Work instruction:
Only the lines from the start of the data below through the line that contains "Blok eengezinswoningen in" are to be copied, exactly and without pictures.
____ Data segment
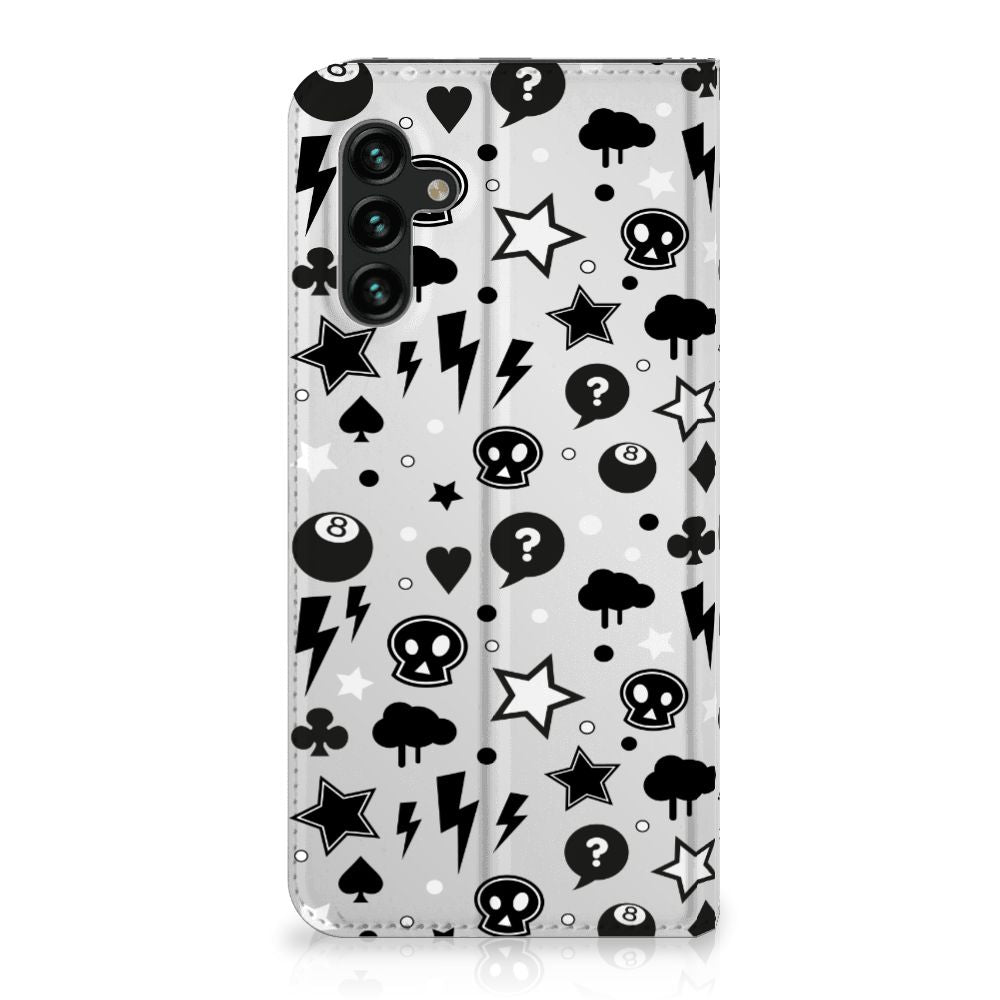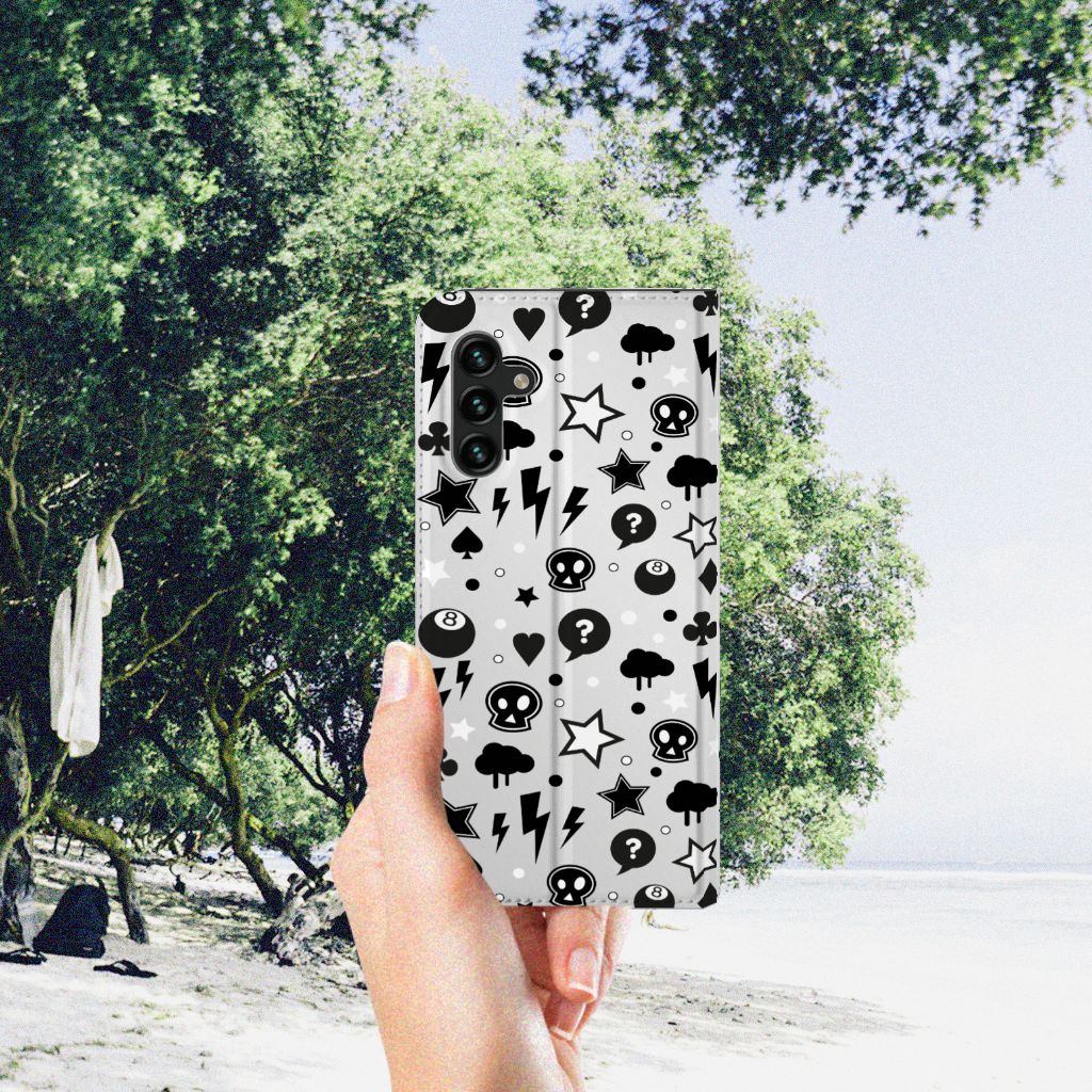 Bliksemflitsen, donderwolken, sterren en biljartballen vliegen op je af als je deze Samsung Galaxy A13 (5G) | Samsung Galaxy A04s Mobiel BookCase koopt. Het bijzondere Silver Punk design is van onze eigen ontwerper en vind je in geen enkel andere winkel of webshop. Ben je fan van dit soort stoere en opvallende hoesjes, dan kun je je geluk niet op als je ons assortiment smartphone accessoires bekijkt. Dit zeer populaire smartphone hoesje heeft 1 vakje en is aan alle zijden bedrukt met bliksemflitsen, donderwolken, sterren en biljartballen. Verder heeft de case een standaard en een magneet aan de binnenkant. De houder is van TPU, de buitenzijde van PU-leer. Zelfs doodshoofdjes zie je voorbijkomen in het design. Om maar aan te geven dat je met dit zilveren hoesje een krachtige smartphone accessoire te pakken hebt.
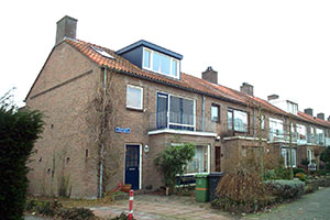 Blok eengezinswoningen in één rij. De woningen zijn niet gespiegeld. De voorgevel is ingedeeld in een smalle travee met eenvoudige voordeurpartij zonder portiek; vervolgens een brede travee met erker, die op de eerste verdieping is uitgevoerd als balkon met een ijzeren balustrade. Op de eerste verdieping, in de smalle travee is een vierkant venster geplaatst. In de brede travee op de eerste verdieping een samengestelde glas pui tot aan de vloer met een balkondeur. In de zijgevel, op goothoogte, geeft een 'teruggelegde' laag in het metselwerk een horizontaal accent. Het blok is voorzien van een aaneengesloten zadeldak met rode pannen. Enkele woningen zijn voorzien van een dakkapel.
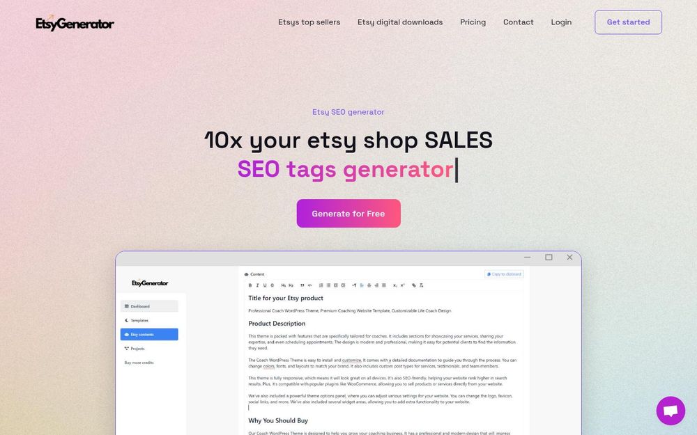 如果你希望用更少时间发布更多商品、提高 Etsy 搜索曝光并获得稳定的流量增长,etsygenerator 是一个值得尝试的工具。它不仅适合希望提升效率的个人卖家,也适合需要规模化运营的店铺团队。通过自动化的 SEO 优化与多样化的写作模板,etsyGenerator 能帮助你把更多精力放在产品设计与客户服务上,而将文案与关键词工作交给 AI 完成。
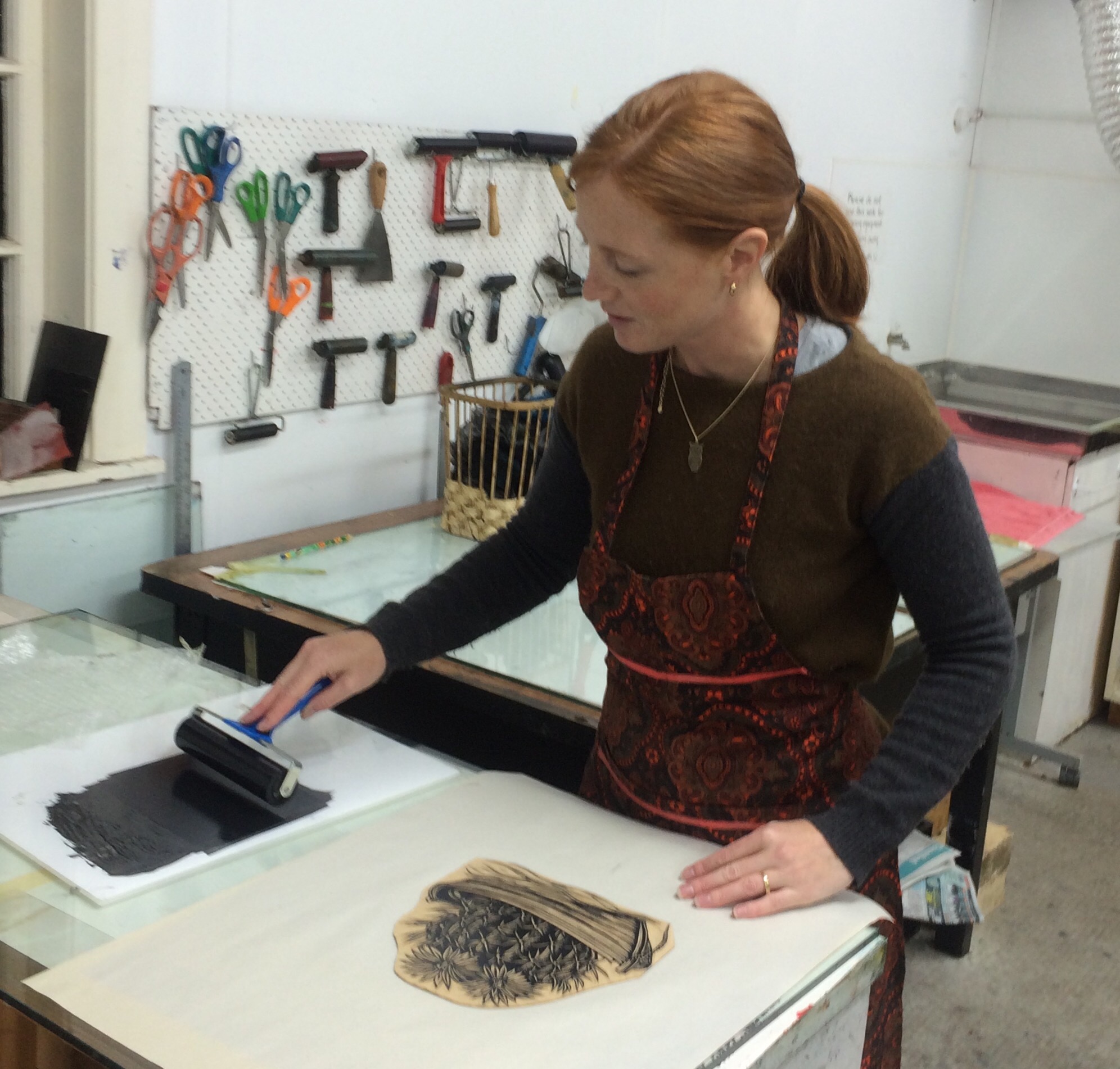 Her art education began in the small rural community of Fern Flat, where she was surrounded by a vibrant community of artists. Her mother’s studio was always a creative powerhouse with colourful painted silks, embroidery and sewing. As a teenager, Ina gravitated towards woodblock as a medium to explore patterns, lines and texture, being drawn to the meditative effects of carving the block, as well as the active and technical engagement in transferring the image.
________
Expected answer:
 Bliksemflitsen, donderwolken, sterren en biljartballen vliegen op je af als je deze Samsung Galaxy A13 (5G) | Samsung Galaxy A04s Mobiel BookCase koopt. Het bijzondere Silver Punk design is van onze eigen ontwerper en vind je in geen enkel andere winkel of webshop. Ben je fan van dit soort stoere en opvallende hoesjes, dan kun je je geluk niet op als je ons assortiment smartphone accessoires bekijkt. Dit zeer populaire smartphone hoesje heeft 1 vakje en is aan alle zijden bedrukt met bliksemflitsen, donderwolken, sterren en biljartballen. Verder heeft de case een standaard en een magneet aan de binnenkant. De houder is van TPU, de buitenzijde van PU-leer. Zelfs doodshoofdjes zie je voorbijkomen in het design. Om maar aan te geven dat je met dit zilveren hoesje een krachtige smartphone accessoire te pakken hebt.
 Blok eengezinswoningen in één rij. De woningen zijn niet gespiegeld. De voorgevel is ingedeeld in een smalle travee met eenvoudige voordeurpartij zonder portiek; vervolgens een brede travee met erker, die op de eerste verdieping is uitgevoerd als balkon met een ijzeren balustrade. Op de eerste verdieping, in de smalle travee is een vierkant venster geplaatst. In de brede travee op de eerste verdieping een samengestelde glas pui tot aan de vloer met een balkondeur. In de zijgevel, op goothoogte, geeft een 'teruggelegde' laag in het metselwerk een horizontaal accent. Het blok is voorzien van een aaneengesloten zadeldak met rode pannen. Enkele woningen zijn voorzien van een dakkapel.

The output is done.